Ignorez cette loi et vous déclencherez deux problèmes majeurs : vous créerez des camps entre ceux qui vivent la démarche et ceux qui la regardent d’un œil externe. Et vous réduirez le périmètre de diffusion de l’énergie liée à cette transformation.

Par ailleurs, pour que les choses fonctionnent, le changement ne doit pas être uniquement organisationnel. La transformation doit être large et englober toute l’organisation, les individus, les process et les outils.

L’objectif ? Lever les freins et les obstacles dans le processus de transformation de fabrication du produit. Si le cycle de vie qui mène au déploiement du produit est agile – depuis les individus jusqu’aux process, en passant par les outils – et qu’il n’y a pas d’obstacles, alors la transformation sera réussie.

3. Conserver une vision centrée utilisateur

L’énergie liée à une transformation agile doit être en partie nourrie par la volonté de se rapprocher du client. Aujourd’hui, la plupart des organisations sont silotées : la connaissance du client est regroupée dans un pôle ou déléguée à des services extérieurs, et souvent considérée comme une activité à part entière.

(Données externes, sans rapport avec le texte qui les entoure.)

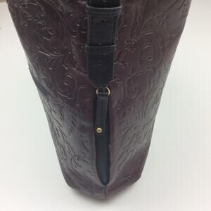 Tignanello Classic Beauty Genuine Leather Brown Tooled Embossed Handbag Hobo Bag

L’étude de connaissance client permet à l’organisation de connaitre les besoins des futurs utilisateurs, de définir leur profil, le budget qu’ils peuvent consacrer au
produit, leurs attentes au sein de leur environnement… Elle doit incomber à chaque collaborateur de l’organisation.

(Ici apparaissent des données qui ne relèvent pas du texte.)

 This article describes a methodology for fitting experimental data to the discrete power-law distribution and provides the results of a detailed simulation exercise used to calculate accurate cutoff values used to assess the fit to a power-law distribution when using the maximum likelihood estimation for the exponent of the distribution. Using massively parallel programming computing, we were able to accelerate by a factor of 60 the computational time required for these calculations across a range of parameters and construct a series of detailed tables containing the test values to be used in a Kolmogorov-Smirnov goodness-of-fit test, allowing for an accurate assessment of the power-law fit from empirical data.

Le mode d’Organisation Produit rappelle une chose fondamentale : le nombre d’intermédiaires idéal entre les équipes de fabrication et les utilisateurs est… 0. Les méthodes et les outils proposés par les différentes formes d’agilité tendent vers cet objectif, afin de lier ceux qui ont des besoins et des problèmes (les utilisateurs) avec ceux qui peuvent y répondre ou les résoudre (les équipes de fabrication).

Seulement voilà : souvent, dans les organisations, l’information est diluée. Elle circule d’un point A à un point Z. Elle est transformée, modifiée, perd parfois son essence, on oublie le contexte qui la justifie.

Pour gagner en efficacité, l’approche client doit respecter une trajectoire orthodromique, c’est-à-dire qu’elle doit suivre la route la plus courte d’un point A à un point B. Sans intermédiaires, vous gagnez du temps : vous évitez de devoir transmettre l’information d’un niveau à un autre. Vous économisez aussi de l’énergie : plus besoin de remonter à la source pour comprendre le réel besoin du client. Vous avez directement les problématiques du client sous les yeux.

Deuxième élément fondamental : la rencontre et l’écoute, qui permettent de catalyser les feedbacks et les pistes d’amélioration du produit. Mener des interviews, créer un panel de clients ou entretenir un réseau d’ambassadeurs sont autant de bonnes pratiques pour conserver une approche client directe et rester en lien permanent avec le terrain.

Tous ces grands principes sont des prérequis. Malgré tout, ils doivent bien sûr être éprouvés. L’agilité est une boite à outils, une source d’inspiration pour l’organisation qui doit ensuite, d’elle-même, créer un modèle agile sur-mesure, qui colle à son ADN et son identité.

La clé d’une grande transformation réussie, c’est de lui donner du poids. Et donc du temps. Considérez la transformation comme une tâche, un projet. Devenir agile est un travail à part entière. Et c’est aussi savoir faire marche arrière et ajuster la méthode lorsqu’elle ne répond plus à ses besoins.